Under "musical instruments" then "guitar", "amplifiers" "parts & accessories" and I always check off "Canada only" You'll see this kind of stuff there. The seller I buy from is "chuck0652".


----------



## Milkman (Feb 2, 2006)

Looking good so far. I think this is the same Ebay seller I bought my eyelet board from.

Does he only do Fender stuff?

Also, why the SS rectifier? Actually I'd be interested to know the desired impact of all the mods you're adding.


----------



## Lincoln (Jun 2, 2008)

Milkman said:


> Looking good so far. I think this is the same Ebay seller I bought my eyelet board from.
> 
> Does he only do Fender stuff?
> 
> Also, why the SS rectifier? Actually I'd be interested to know the desired impact of all the mods you're adding.


I'm sure it's the same guy. He only does Fender stuff because that's what sells. He's actually a Traynor guy. 
The idea behind using diodes instead of a rectifier tube is to get more clean headroom. The other mods are all aimed at making the 5E3 a little brighter. Or at least give some tone options. Where (on the volume knob) does that new 5E3 you just built start to break up?


----------



## Milkman (Feb 2, 2006)

Lincoln said:


> I'm sure it's the same guy. He only does Fender stuff because that's what sells. He's actually a Traynor guy.
> The idea behind using diodes instead of a rectifier tube is to get more clean headroom. The other mods are all aimed at making the 5E3 a little brighter. Or at least give some tone options. Where (on the volume knob) does that new 5E3 you just built start to break up?
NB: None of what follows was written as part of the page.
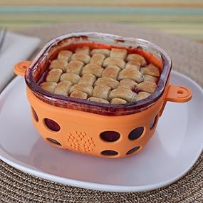 • Tempered glass containers and silicone sleeves on are oven, microwave, freezer, and dishwasher safe
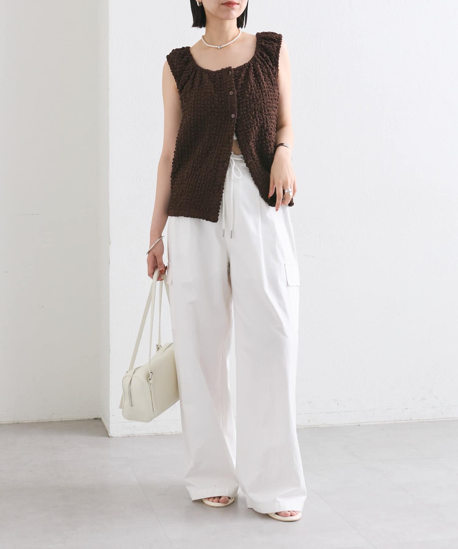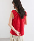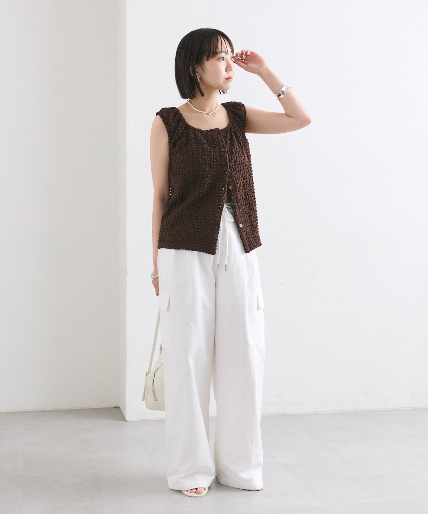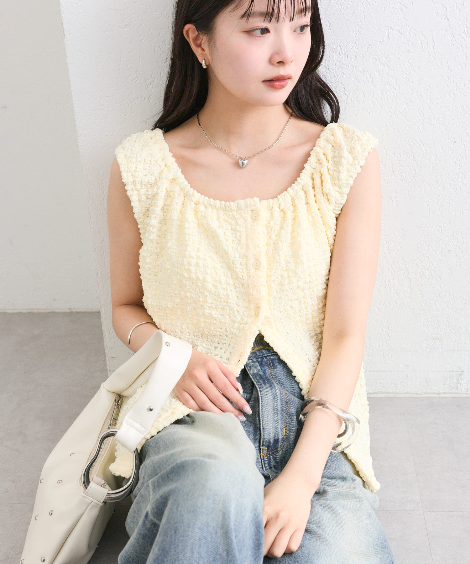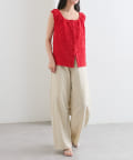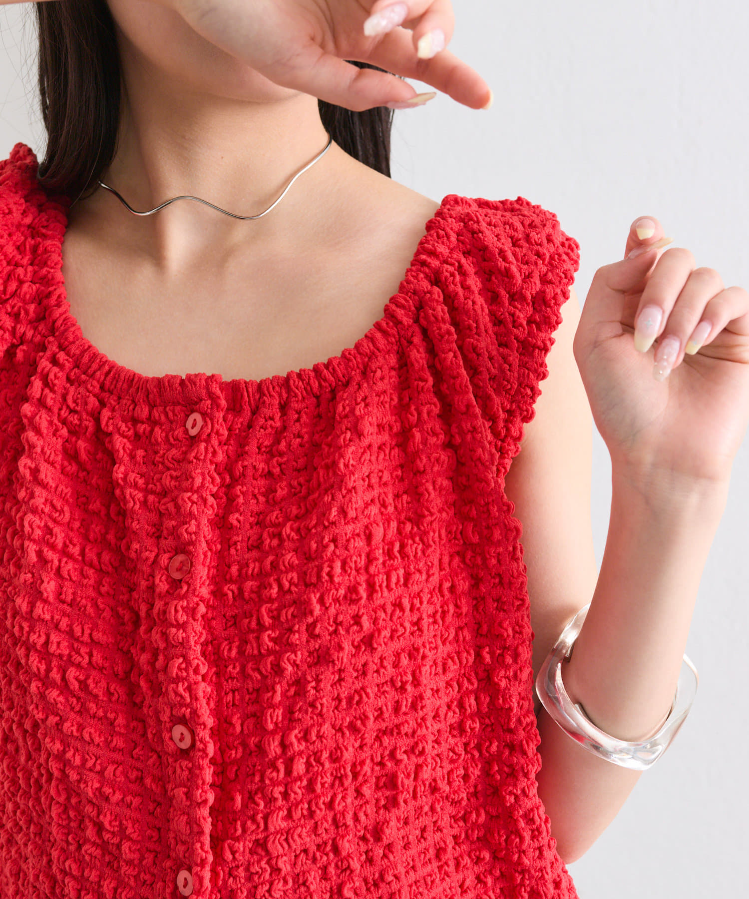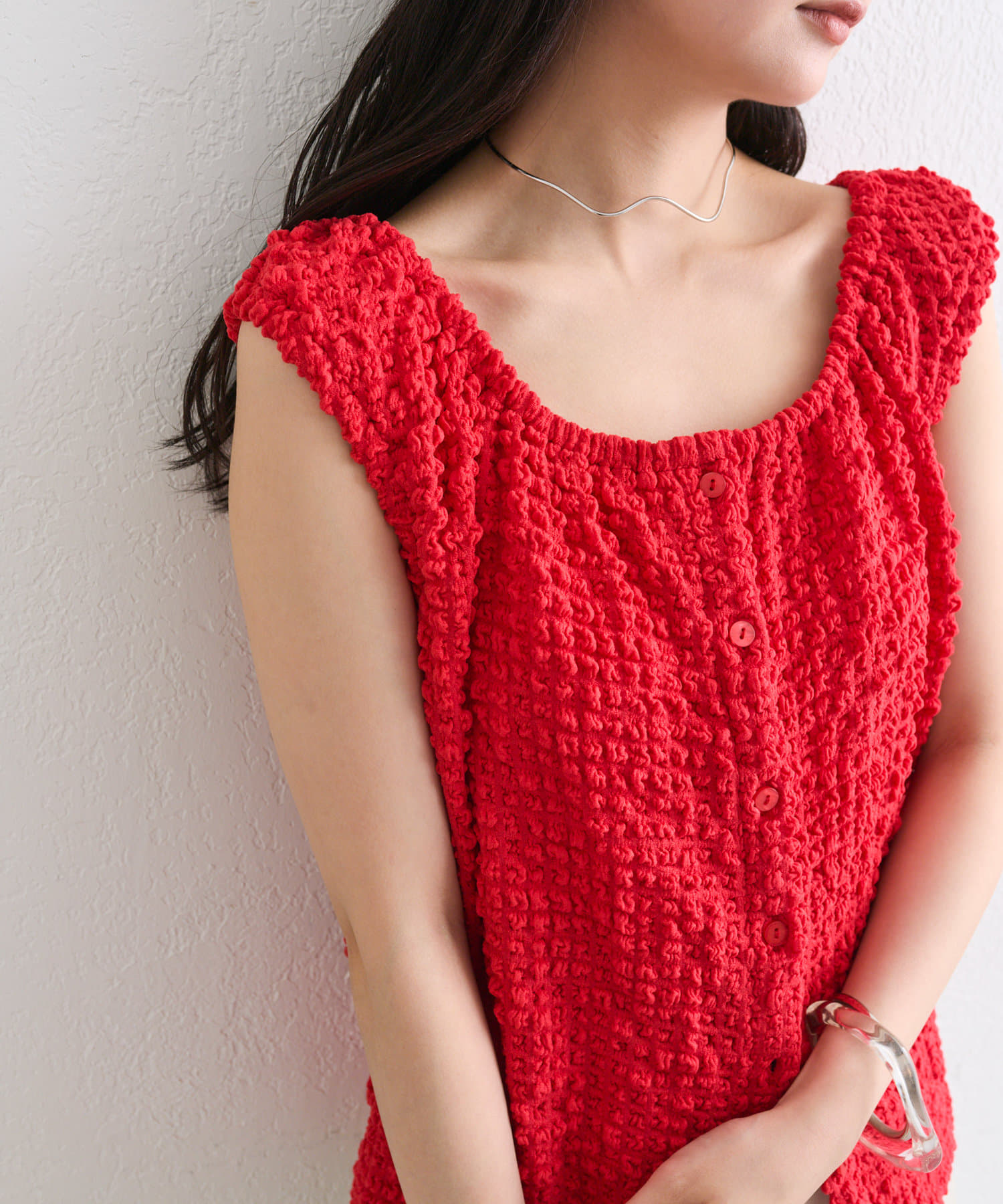 シャーリング素材の表面感のある生地のタンクトップ。

I figured the SS rectifier might might allow you to have more power if you wanted to add it somehow.

As for your question on when my 5E3 breaks up, I haven't really analyzed that yet. The damned thing is loud as hell so I don't turn it past 1 or 2. I use pedals for dirt right now.

It has stimulated me to play a lot lately however. I think I got lucky, but this amp is turning out to be my favourite to date.


----------



## Lincoln (Jun 2, 2008)

Milkman said:


> I figured the SS rectifier might might allow you to have more power if you wanted to add it somehow.
> 
> As for your question on when my 5E3 breaks up, I haven't really analyzed that yet. The damned thing is loud as hell so I don't turn it past 1 or 2. I use pedals for dirt right now.
> 
> It has stimulated me to play a lot lately however. I think I got lucky, but this amp is turning out to be my favourite to date.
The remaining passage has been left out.